Below are some entries. Transcribe the lines from the one holding "14K White Gold" to the one holding "- Complete Kit: The", inclusive, but not the pictures among them.

◆ EXERCISE INPUT:
•••
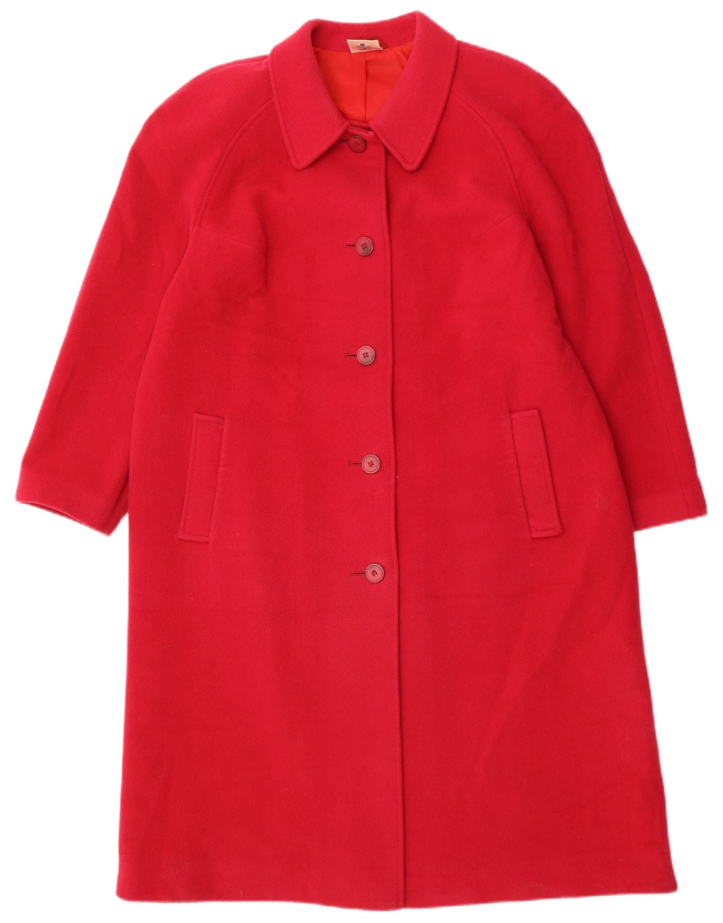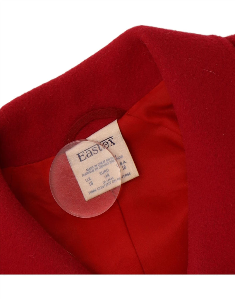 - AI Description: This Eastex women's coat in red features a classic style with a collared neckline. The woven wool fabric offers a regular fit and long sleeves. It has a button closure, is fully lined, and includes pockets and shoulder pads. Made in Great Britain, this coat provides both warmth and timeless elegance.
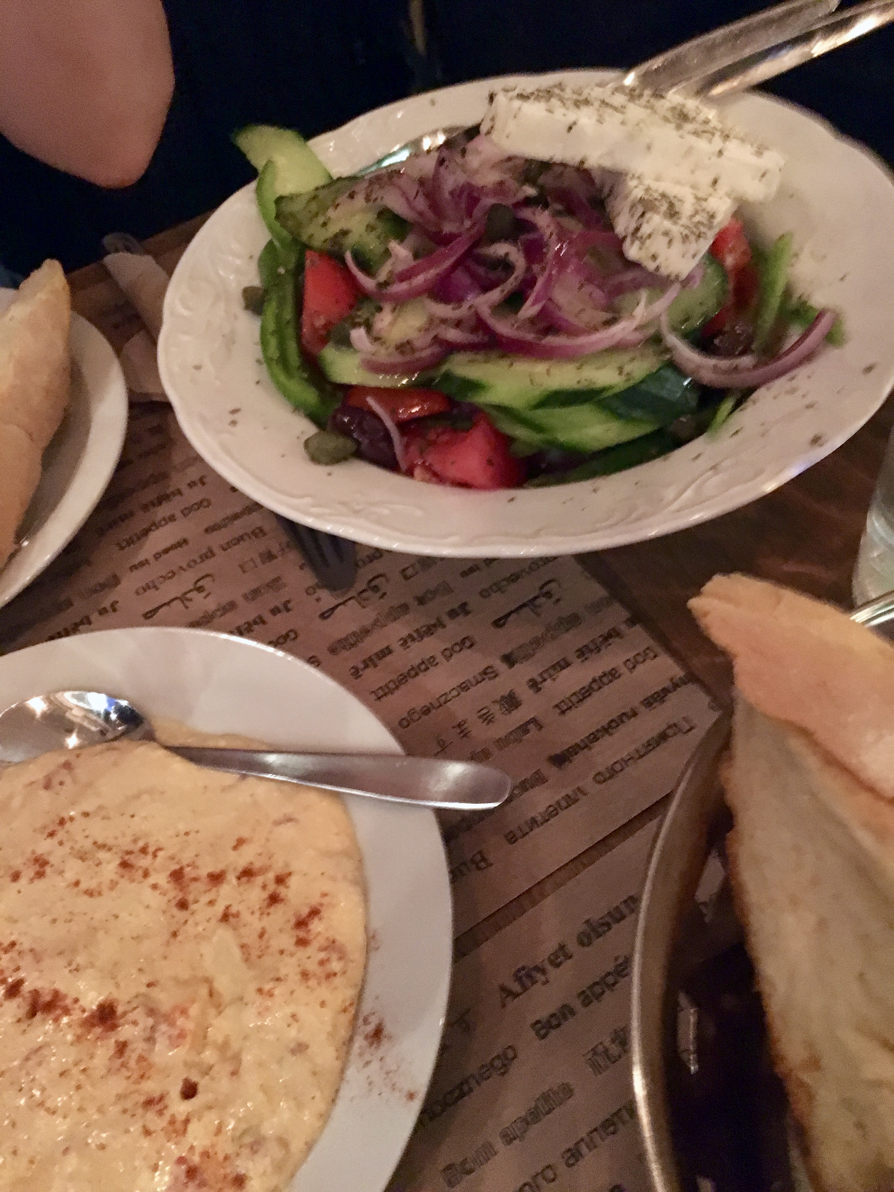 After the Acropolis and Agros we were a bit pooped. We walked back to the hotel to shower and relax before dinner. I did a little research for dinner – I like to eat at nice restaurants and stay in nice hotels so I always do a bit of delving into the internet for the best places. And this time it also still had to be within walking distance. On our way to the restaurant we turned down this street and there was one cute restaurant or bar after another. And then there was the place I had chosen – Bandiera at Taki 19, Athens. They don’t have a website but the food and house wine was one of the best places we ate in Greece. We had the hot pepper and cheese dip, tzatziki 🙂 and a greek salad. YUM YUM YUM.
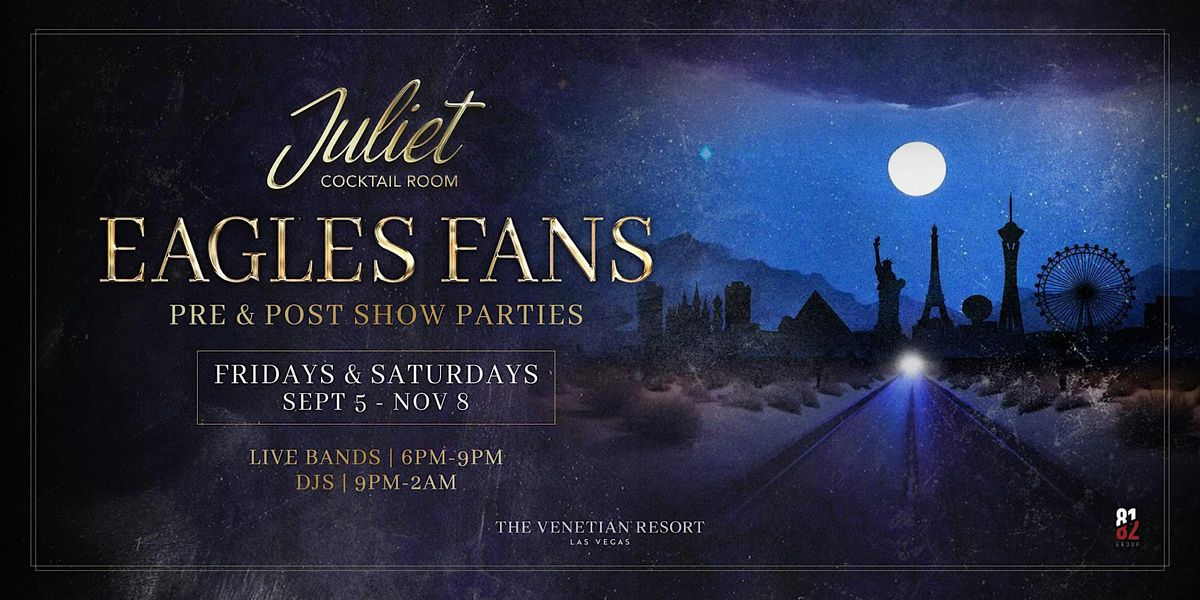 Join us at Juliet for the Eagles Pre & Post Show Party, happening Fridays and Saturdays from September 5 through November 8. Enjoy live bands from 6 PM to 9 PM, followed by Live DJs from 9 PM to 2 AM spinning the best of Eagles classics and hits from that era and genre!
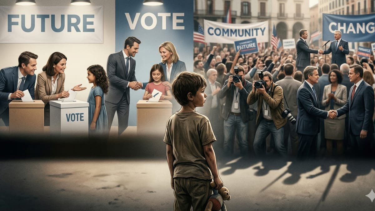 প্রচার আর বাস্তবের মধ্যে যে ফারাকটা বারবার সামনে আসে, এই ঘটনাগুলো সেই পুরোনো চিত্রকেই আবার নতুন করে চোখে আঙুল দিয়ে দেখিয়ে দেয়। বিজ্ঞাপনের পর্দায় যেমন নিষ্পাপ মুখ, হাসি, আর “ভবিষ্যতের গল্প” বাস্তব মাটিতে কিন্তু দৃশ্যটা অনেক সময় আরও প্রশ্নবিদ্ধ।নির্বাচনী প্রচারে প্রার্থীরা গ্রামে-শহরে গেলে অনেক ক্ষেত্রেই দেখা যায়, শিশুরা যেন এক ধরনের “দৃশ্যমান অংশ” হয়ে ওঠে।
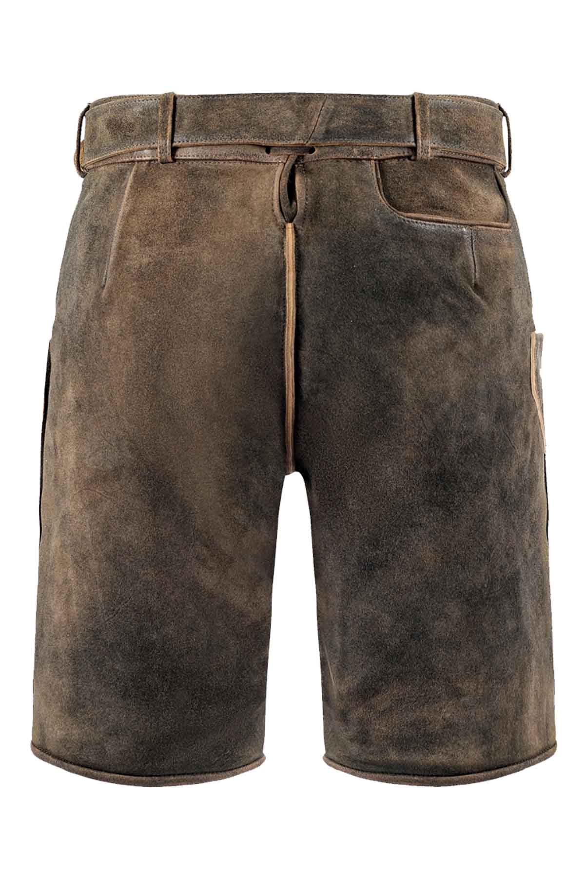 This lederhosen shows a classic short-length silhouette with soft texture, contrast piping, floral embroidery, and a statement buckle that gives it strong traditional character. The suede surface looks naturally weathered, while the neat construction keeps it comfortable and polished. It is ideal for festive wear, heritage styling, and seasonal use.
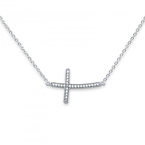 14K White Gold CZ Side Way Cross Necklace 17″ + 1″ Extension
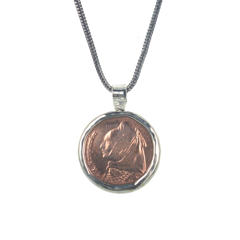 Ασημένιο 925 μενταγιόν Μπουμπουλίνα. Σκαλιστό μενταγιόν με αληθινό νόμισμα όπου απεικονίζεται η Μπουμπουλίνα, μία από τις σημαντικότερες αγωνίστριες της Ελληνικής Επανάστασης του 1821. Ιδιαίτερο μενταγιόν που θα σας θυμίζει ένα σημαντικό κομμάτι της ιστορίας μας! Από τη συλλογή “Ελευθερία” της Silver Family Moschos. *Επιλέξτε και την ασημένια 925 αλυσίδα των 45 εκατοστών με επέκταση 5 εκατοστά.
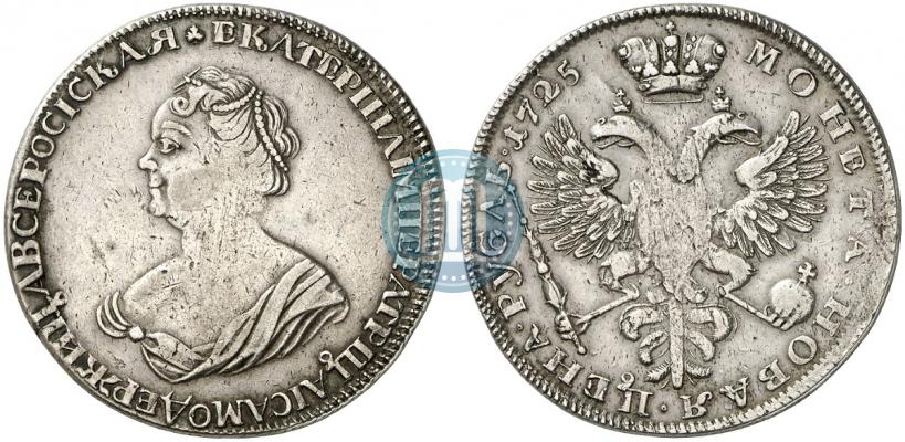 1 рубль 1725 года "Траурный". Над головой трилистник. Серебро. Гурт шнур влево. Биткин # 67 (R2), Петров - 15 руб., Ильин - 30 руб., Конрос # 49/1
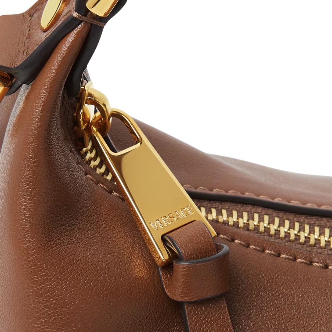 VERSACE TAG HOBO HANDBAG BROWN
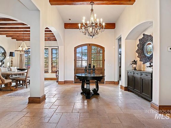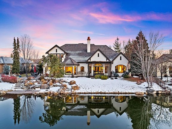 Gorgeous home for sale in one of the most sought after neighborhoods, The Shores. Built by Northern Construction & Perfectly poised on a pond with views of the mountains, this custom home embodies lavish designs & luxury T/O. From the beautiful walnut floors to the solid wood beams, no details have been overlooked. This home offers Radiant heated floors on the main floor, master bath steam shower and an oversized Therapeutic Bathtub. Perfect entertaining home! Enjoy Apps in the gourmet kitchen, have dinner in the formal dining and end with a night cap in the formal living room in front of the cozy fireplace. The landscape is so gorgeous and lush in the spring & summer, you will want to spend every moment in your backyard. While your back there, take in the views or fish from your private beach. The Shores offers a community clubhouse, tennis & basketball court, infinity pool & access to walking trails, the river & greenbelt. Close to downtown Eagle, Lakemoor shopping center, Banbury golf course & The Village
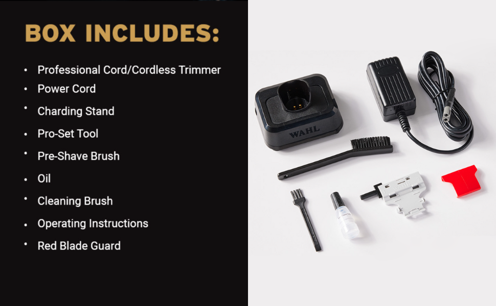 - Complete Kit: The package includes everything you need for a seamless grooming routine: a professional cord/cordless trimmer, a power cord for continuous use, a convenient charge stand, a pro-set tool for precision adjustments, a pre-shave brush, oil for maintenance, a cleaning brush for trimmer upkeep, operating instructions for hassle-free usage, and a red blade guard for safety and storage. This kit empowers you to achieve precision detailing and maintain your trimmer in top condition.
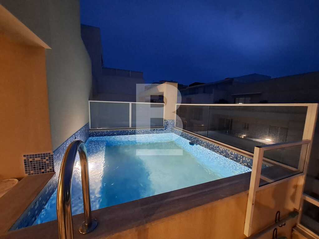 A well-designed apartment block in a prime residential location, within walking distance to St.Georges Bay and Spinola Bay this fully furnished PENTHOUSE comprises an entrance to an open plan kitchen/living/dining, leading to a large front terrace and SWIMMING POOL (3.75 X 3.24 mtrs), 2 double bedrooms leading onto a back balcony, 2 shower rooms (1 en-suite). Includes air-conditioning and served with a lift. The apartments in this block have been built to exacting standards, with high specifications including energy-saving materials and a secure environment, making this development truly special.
•••
◆ OUTPUT BELOW:
 14K White Gold CZ Side Way Cross Necklace 17″ + 1″ Extension
 Ασημένιο 925 μενταγιόν Μπουμπουλίνα. Σκαλιστό μενταγιόν με αληθινό νόμισμα όπου απεικονίζεται η Μπουμπουλίνα, μία από τις σημαντικότερες αγωνίστριες της Ελληνικής Επανάστασης του 1821. Ιδιαίτερο μενταγιόν που θα σας θυμίζει ένα σημαντικό κομμάτι της ιστορίας μας! Από τη συλλογή “Ελευθερία” της Silver Family Moschos. *Επιλέξτε και την ασημένια 925 αλυσίδα των 45 εκατοστών με επέκταση 5 εκατοστά.
 1 рубль 1725 года "Траурный". Над головой трилистник. Серебро. Гурт шнур влево. Биткин # 67 (R2), Петров - 15 руб., Ильин - 30 руб., Конрос # 49/1
 VERSACE TAG HOBO HANDBAG BROWN
 Gorgeous home for sale in one of the most sought after neighborhoods, The Shores. Built by Northern Construction & Perfectly poised on a pond with views of the mountains, this custom home embodies lavish designs & luxury T/O. From the beautiful walnut floors to the solid wood beams, no details have been overlooked. This home offers Radiant heated floors on the main floor, master bath steam shower and an oversized Therapeutic Bathtub. Perfect entertaining home! Enjoy Apps in the gourmet kitchen, have dinner in the formal dining and end with a night cap in the formal living room in front of the cozy fireplace. The landscape is so gorgeous and lush in the spring & summer, you will want to spend every moment in your backyard. While your back there, take in the views or fish from your private beach. The Shores offers a community clubhouse, tennis & basketball court, infinity pool & access to walking trails, the river & greenbelt. Close to downtown Eagle, Lakemoor shopping center, Banbury golf course & The Village
 - Complete Kit: The package includes everything you need for a seamless grooming routine: a professional cord/cordless trimmer, a power cord for continuous use, a convenient charge stand, a pro-set tool for precision adjustments, a pre-shave brush, oil for maintenance, a cleaning brush for trimmer upkeep, operating instructions for hassle-free usage, and a red blade guard for safety and storage. This kit empowers you to achieve precision detailing and maintain your trimmer in top condition.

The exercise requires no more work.